## Task item
Leaving out the images, reproduce every line of the data that follows exactly.

*** Data segment ***

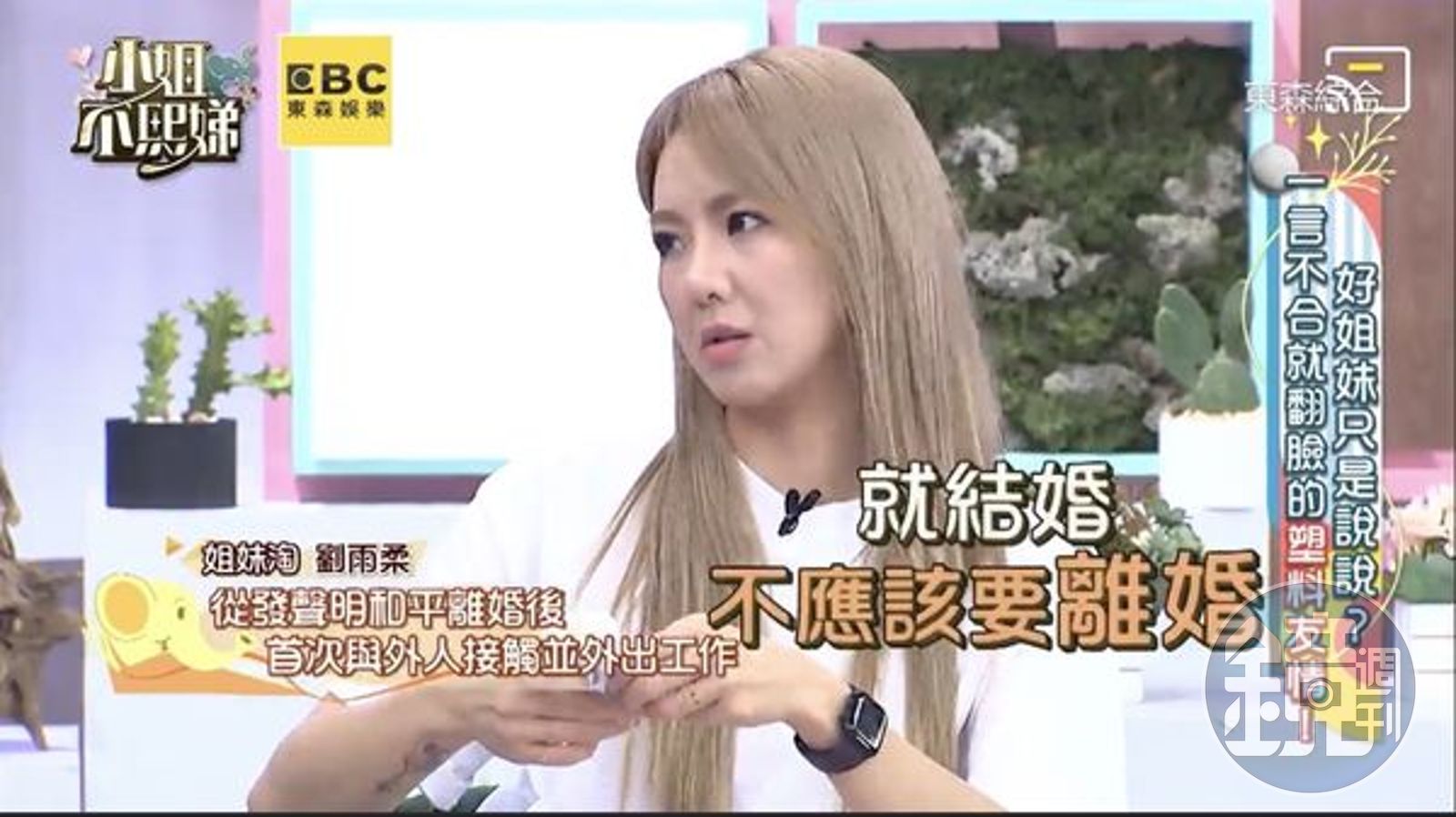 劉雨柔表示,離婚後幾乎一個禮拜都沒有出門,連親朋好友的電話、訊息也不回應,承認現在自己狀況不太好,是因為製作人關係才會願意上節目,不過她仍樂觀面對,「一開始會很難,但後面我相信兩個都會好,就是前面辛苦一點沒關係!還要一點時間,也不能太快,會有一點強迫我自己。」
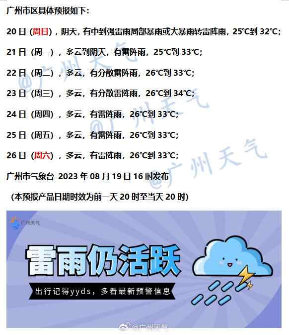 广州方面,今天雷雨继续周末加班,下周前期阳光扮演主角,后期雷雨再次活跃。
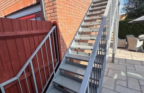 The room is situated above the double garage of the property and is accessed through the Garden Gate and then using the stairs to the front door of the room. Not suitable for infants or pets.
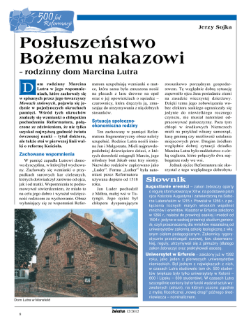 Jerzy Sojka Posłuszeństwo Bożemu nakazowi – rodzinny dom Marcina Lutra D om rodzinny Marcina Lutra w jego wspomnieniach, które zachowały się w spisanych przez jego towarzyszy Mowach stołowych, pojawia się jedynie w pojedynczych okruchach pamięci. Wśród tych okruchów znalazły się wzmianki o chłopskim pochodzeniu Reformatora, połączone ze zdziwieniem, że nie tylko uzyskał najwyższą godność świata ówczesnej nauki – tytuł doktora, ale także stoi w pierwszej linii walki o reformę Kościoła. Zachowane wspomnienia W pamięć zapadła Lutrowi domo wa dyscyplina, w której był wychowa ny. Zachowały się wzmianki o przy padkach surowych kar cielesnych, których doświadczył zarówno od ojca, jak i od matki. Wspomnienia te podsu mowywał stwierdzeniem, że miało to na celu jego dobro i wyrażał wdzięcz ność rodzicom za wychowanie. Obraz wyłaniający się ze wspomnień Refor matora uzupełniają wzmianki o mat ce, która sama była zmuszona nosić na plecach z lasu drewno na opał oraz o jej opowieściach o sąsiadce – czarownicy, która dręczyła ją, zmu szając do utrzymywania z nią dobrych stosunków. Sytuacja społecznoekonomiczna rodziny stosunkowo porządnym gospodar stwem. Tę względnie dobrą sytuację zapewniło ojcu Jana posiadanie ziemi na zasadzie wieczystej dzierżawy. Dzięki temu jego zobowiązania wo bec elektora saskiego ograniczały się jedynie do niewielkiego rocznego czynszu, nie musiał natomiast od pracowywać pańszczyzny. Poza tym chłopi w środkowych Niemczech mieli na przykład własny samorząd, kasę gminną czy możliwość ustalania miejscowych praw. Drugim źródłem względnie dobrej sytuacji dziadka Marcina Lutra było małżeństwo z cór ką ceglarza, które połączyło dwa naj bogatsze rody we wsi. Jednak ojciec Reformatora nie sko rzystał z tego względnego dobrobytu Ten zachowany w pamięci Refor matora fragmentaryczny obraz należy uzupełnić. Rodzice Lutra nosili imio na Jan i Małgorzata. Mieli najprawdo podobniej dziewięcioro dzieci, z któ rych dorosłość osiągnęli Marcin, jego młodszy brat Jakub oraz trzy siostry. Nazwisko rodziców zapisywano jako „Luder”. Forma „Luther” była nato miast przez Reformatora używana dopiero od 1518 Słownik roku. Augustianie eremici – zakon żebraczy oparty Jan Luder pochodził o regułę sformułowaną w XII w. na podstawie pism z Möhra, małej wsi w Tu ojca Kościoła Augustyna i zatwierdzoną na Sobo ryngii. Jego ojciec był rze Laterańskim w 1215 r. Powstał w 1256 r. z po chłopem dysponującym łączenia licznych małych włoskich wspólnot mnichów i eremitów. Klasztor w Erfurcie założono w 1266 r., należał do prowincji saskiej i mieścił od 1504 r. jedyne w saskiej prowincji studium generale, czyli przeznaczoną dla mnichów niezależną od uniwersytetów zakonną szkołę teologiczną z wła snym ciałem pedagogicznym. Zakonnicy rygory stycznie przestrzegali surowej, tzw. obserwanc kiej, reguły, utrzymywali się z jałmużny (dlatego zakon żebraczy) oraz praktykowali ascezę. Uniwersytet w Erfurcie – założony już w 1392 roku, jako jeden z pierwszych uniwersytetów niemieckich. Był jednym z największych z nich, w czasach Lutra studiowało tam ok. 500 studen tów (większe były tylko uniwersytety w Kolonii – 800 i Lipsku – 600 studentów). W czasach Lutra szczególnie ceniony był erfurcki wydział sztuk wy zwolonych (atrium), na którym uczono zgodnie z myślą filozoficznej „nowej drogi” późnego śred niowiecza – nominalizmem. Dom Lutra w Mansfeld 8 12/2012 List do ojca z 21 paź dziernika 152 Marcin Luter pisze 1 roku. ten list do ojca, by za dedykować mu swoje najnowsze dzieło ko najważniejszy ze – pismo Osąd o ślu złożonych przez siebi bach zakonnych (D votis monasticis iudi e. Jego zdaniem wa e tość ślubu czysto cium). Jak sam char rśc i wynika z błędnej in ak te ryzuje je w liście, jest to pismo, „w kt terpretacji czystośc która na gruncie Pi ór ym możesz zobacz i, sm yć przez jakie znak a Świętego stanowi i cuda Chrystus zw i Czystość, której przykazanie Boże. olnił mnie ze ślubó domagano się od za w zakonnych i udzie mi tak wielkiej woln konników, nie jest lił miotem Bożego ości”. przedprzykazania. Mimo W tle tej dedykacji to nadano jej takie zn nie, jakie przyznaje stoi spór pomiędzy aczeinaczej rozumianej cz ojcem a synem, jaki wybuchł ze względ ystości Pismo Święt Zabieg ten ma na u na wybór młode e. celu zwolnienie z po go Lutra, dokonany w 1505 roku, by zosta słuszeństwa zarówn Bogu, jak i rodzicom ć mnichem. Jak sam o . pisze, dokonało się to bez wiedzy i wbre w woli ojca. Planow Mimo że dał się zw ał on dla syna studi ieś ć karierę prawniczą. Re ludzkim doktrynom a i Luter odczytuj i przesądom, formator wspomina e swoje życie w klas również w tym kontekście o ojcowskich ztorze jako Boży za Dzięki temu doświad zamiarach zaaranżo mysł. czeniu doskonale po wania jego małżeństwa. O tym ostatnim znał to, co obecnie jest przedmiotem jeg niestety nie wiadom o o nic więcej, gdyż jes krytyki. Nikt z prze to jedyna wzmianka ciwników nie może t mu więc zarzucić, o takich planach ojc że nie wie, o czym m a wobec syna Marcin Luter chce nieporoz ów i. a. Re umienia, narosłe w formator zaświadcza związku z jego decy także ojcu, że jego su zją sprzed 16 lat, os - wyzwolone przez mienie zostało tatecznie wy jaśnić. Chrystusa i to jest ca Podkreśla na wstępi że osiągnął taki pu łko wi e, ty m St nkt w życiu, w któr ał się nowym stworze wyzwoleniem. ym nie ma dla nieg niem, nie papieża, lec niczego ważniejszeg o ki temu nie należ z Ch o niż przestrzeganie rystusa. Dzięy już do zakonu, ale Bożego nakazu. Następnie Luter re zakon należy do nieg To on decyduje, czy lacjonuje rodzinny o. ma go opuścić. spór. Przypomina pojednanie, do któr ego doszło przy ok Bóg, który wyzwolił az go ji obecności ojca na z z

*** End of Data segment ***

## Exercise solution
 劉雨柔表示,離婚後幾乎一個禮拜都沒有出門,連親朋好友的電話、訊息也不回應,承認現在自己狀況不太好,是因為製作人關係才會願意上節目,不過她仍樂觀面對,「一開始會很難,但後面我相信兩個都會好,就是前面辛苦一點沒關係!還要一點時間,也不能太快,會有一點強迫我自己。」
 广州方面,今天雷雨继续周末加班,下周前期阳光扮演主角,后期雷雨再次活跃。
 The room is situated above the double garage of the property and is accessed through the Garden Gate and then using the stairs to the front door of the room. Not suitable for infants or pets.
 Jerzy Sojka Posłuszeństwo Bożemu nakazowi – rodzinny dom Marcina Lutra D om rodzinny Marcina Lutra w jego wspomnieniach, które zachowały się w spisanych przez jego towarzyszy Mowach stołowych, pojawia się jedynie w pojedynczych okruchach pamięci. Wśród tych okruchów znalazły się wzmianki o chłopskim pochodzeniu Reformatora, połączone ze zdziwieniem, że nie tylko uzyskał najwyższą godność świata ówczesnej nauki – tytuł doktora, ale także stoi w pierwszej linii walki o reformę Kościoła. Zachowane wspomnienia W pamięć zapadła Lutrowi domo wa dyscyplina, w której był wychowa ny. Zachowały się wzmianki o przy padkach surowych kar cielesnych, których doświadczył zarówno od ojca, jak i od matki. Wspomnienia te podsu mowywał stwierdzeniem, że miało to na celu jego dobro i wyrażał wdzięcz ność rodzicom za wychowanie. Obraz wyłaniający się ze wspomnień Refor matora uzupełniają wzmianki o mat ce, która sama była zmuszona nosić na plecach z lasu drewno na opał oraz o jej opowieściach o sąsiadce – czarownicy, która dręczyła ją, zmu szając do utrzymywania z nią dobrych stosunków. Sytuacja społecznoekonomiczna rodziny stosunkowo porządnym gospodar stwem. Tę względnie dobrą sytuację zapewniło ojcu Jana posiadanie ziemi na zasadzie wieczystej dzierżawy. Dzięki temu jego zobowiązania wo bec elektora saskiego ograniczały się jedynie do niewielkiego rocznego czynszu, nie musiał natomiast od pracowywać pańszczyzny. Poza tym chłopi w środkowych Niemczech mieli na przykład własny samorząd, kasę gminną czy możliwość ustalania miejscowych praw. Drugim źródłem względnie dobrej sytuacji dziadka Marcina Lutra było małżeństwo z cór ką ceglarza, które połączyło dwa naj bogatsze rody we wsi. Jednak ojciec Reformatora nie sko rzystał z tego względnego dobrobytu Ten zachowany w pamięci Refor matora fragmentaryczny obraz należy uzupełnić. Rodzice Lutra nosili imio na Jan i Małgorzata. Mieli najprawdo podobniej dziewięcioro dzieci, z któ rych dorosłość osiągnęli Marcin, jego młodszy brat Jakub oraz trzy siostry. Nazwisko rodziców zapisywano jako „Luder”. Forma „Luther” była nato miast przez Reformatora używana dopiero od 1518 Słownik roku. Augustianie eremici – zakon żebraczy oparty Jan Luder pochodził o regułę sformułowaną w XII w. na podstawie pism z Möhra, małej wsi w Tu ojca Kościoła Augustyna i zatwierdzoną na Sobo ryngii. Jego ojciec był rze Laterańskim w 1215 r. Powstał w 1256 r. z po chłopem dysponującym łączenia licznych małych włoskich wspólnot mnichów i eremitów. Klasztor w Erfurcie założono w 1266 r., należał do prowincji saskiej i mieścił od 1504 r. jedyne w saskiej prowincji studium generale, czyli przeznaczoną dla mnichów niezależną od uniwersytetów zakonną szkołę teologiczną z wła snym ciałem pedagogicznym. Zakonnicy rygory stycznie przestrzegali surowej, tzw. obserwanc kiej, reguły, utrzymywali się z jałmużny (dlatego zakon żebraczy) oraz praktykowali ascezę. Uniwersytet w Erfurcie – założony już w 1392 roku, jako jeden z pierwszych uniwersytetów niemieckich. Był jednym z największych z nich, w czasach Lutra studiowało tam ok. 500 studen tów (większe były tylko uniwersytety w Kolonii – 800 i Lipsku – 600 studentów). W czasach Lutra szczególnie ceniony był erfurcki wydział sztuk wy zwolonych (atrium), na którym uczono zgodnie z myślą filozoficznej „nowej drogi” późnego śred niowiecza – nominalizmem. Dom Lutra w Mansfeld 8 12/2012 List do ojca z 21 paź dziernika 152 Marcin Luter pisze 1 roku. ten list do ojca, by za dedykować mu swoje najnowsze dzieło ko najważniejszy ze – pismo Osąd o ślu złożonych przez siebi bach zakonnych (D votis monasticis iudi e. Jego zdaniem wa e tość ślubu czysto cium). Jak sam char rśc i wynika z błędnej in ak te ryzuje je w liście, jest to pismo, „w kt terpretacji czystośc która na gruncie Pi ór ym możesz zobacz i, sm yć przez jakie znak a Świętego stanowi i cuda Chrystus zw i Czystość, której przykazanie Boże. olnił mnie ze ślubó domagano się od za w zakonnych i udzie mi tak wielkiej woln konników, nie jest lił miotem Bożego ości”. przedprzykazania. Mimo W tle tej dedykacji to nadano jej takie zn nie, jakie przyznaje stoi spór pomiędzy aczeinaczej rozumianej cz ojcem a synem, jaki wybuchł ze względ ystości Pismo Święt Zabieg ten ma na u na wybór młode e. celu zwolnienie z po go Lutra, dokonany w 1505 roku, by zosta słuszeństwa zarówn Bogu, jak i rodzicom ć mnichem. Jak sam o . pisze, dokonało się to bez wiedzy i wbre w woli ojca. Planow Mimo że dał się zw ał on dla syna studi ieś ć karierę prawniczą. Re ludzkim doktrynom a i Luter odczytuj i przesądom, formator wspomina e swoje życie w klas również w tym kontekście o ojcowskich ztorze jako Boży za Dzięki temu doświad zamiarach zaaranżo mysł. czeniu doskonale po wania jego małżeństwa. O tym ostatnim znał to, co obecnie jest przedmiotem jeg niestety nie wiadom o o nic więcej, gdyż jes krytyki. Nikt z prze to jedyna wzmianka ciwników nie może t mu więc zarzucić, o takich planach ojc że nie wie, o czym m a wobec syna Marcin Luter chce nieporoz ów i. a. Re umienia, narosłe w formator zaświadcza związku z jego decy także ojcu, że jego su zją sprzed 16 lat, os - wyzwolone przez mienie zostało tatecznie wy jaśnić. Chrystusa i to jest ca Podkreśla na wstępi że osiągnął taki pu łko wi e, ty m St nkt w życiu, w któr ał się nowym stworze wyzwoleniem. ym nie ma dla nieg niem, nie papieża, lec niczego ważniejszeg o ki temu nie należ z Ch o niż przestrzeganie rystusa. Dzięy już do zakonu, ale Bożego nakazu. Następnie Luter re zakon należy do nieg To on decyduje, czy lacjonuje rodzinny o. ma go opuścić. spór. Przypomina pojednanie, do któr ego doszło przy ok Bóg, który wyzwolił az go ji obecności ojca na z z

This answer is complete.